The sequence of triangle numbers is generated by adding the natural numbers. So the 7th triangle number would be \$1 + 2 + 3 + 4 + 5 + 6 + 7 = 28\$. The first ten terms would be: \$1, 3, 6, 10, 15, 21, 28, 36, 45, 55, ...\$

(...) 28 is the first triangle number to have over five divisors.

What is the value of the first triangle number to have over five hundred divisors?

I did spend quite a bit of time on this one to figure out a faster solution than what I first attempted. My first, very naive approach, to finding the number of divisors for a number was to loop through all the numbers and count them, like this:

public static long numDivisors(long number) {
    long count = number == 1 ? 1 : 2;
    for (int i = 2; i <= number / 2; i++) {
        if (number % i == 0) {
            count++;
        }
    }
    return count;
}

I knew there was a faster approach. And I didn't give up until I found one.

I realized, after factorizing some numbers, that the fastest way is to keep a track of the unique prime factors that make up the number, and use them to calculate the number of divisors.

For example, 36. It has 9 divisors in total, 1, 2, 3, 4, 6, 9, 12, 18, 36. We know though that 36 is 2*2*3*3. That's 2 factors of 2 and 2 factors of 3. So by choosing 0-2 2's and 0-2 3's we can get the 9 divisors of 36.

The same goes for a bigger number, such as 32063349528. If we prime-factorize it, it is 2 * 2 * 2 * 3 * 3 * 3 * 7 * 7 * 17 * 19 * 83 * 113. So 4*4*3*2*2*2*2 = 768 divisors.

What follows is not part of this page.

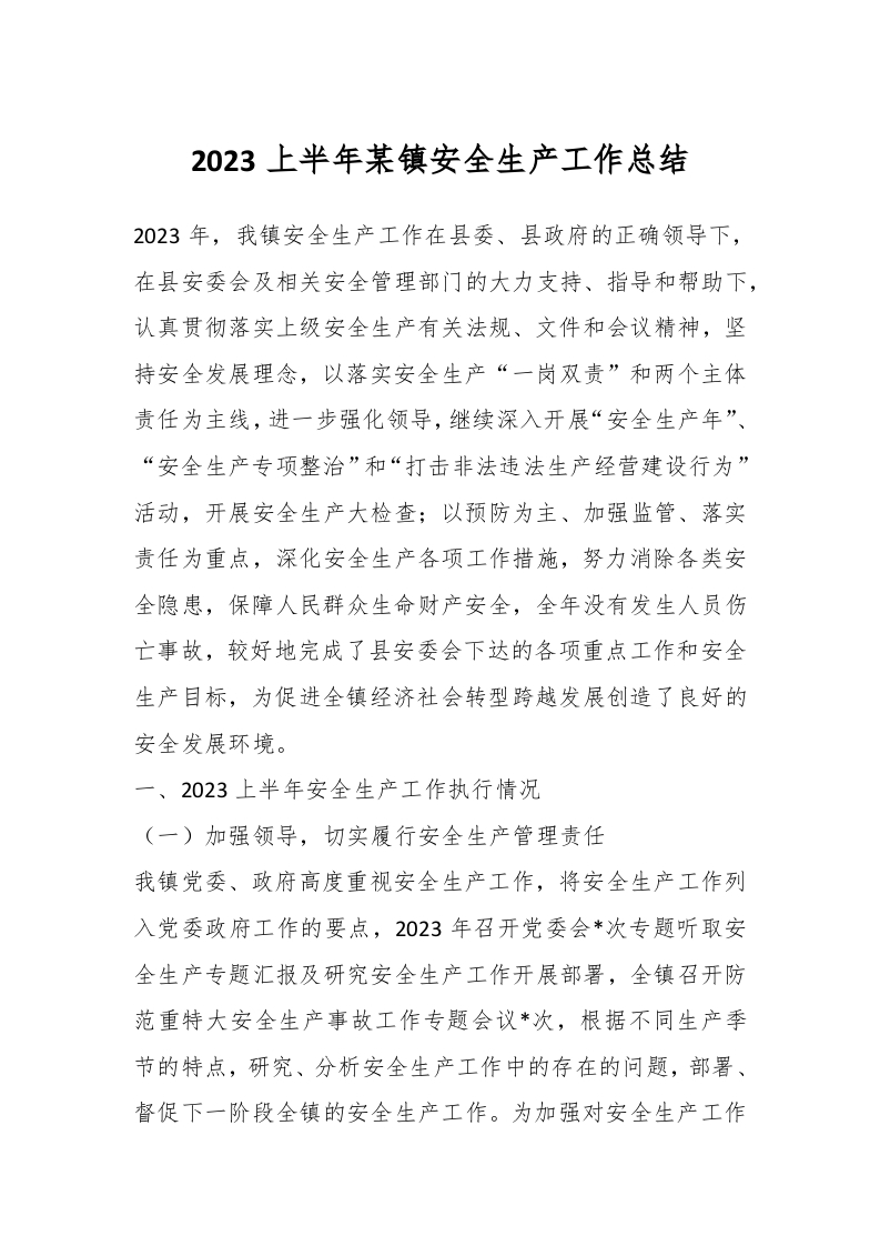 / 2023上半年某镇安全生产工作总结

public class ProjEuler12 {

    public static long triangleNumberN(long n) {
        if (n <= 0) {
            throw new IllegalArgumentException("n must be positive: " + n);
        }
        return (1 + n) * n / 2;
    }

    public static int divisorCount(long number) {
        if (number <= 0) {
            throw new IllegalArgumentException("number must be positive: " + number);
        }
        int divisors = 1;
        long lastNum = 0;
        int lastCount = 0;
        while (number != 1) {
            if (number % 2 == 0) {
                lastCount++;
                number /= 2;
                continue;
            }
            for (long i = 3; i <= number; i += 2) {
                if (number % i == 0) {
                    if (lastNum != i) {
                        divisors *= lastCount + 1;
                        lastCount = 1;
                        lastNum = i;
                    } else {
                        lastCount++;
                    }
                    number /= i;
                    break;
                }
            }
        }
        return divisors * (lastCount + 1);
    }

    public static void main(String[] args) {
        long result = LongStream.iterate(1, i -> i + 1)
                .map(ProjEuler12::triangleNumberN)
                .filter(n -> divisorCount(n) > 500)
                .findFirst().getAsLong();
        System.out.println(result);
    }

}

Any improvements possible? Can it be made even faster? Is the naming just as good as you would expect?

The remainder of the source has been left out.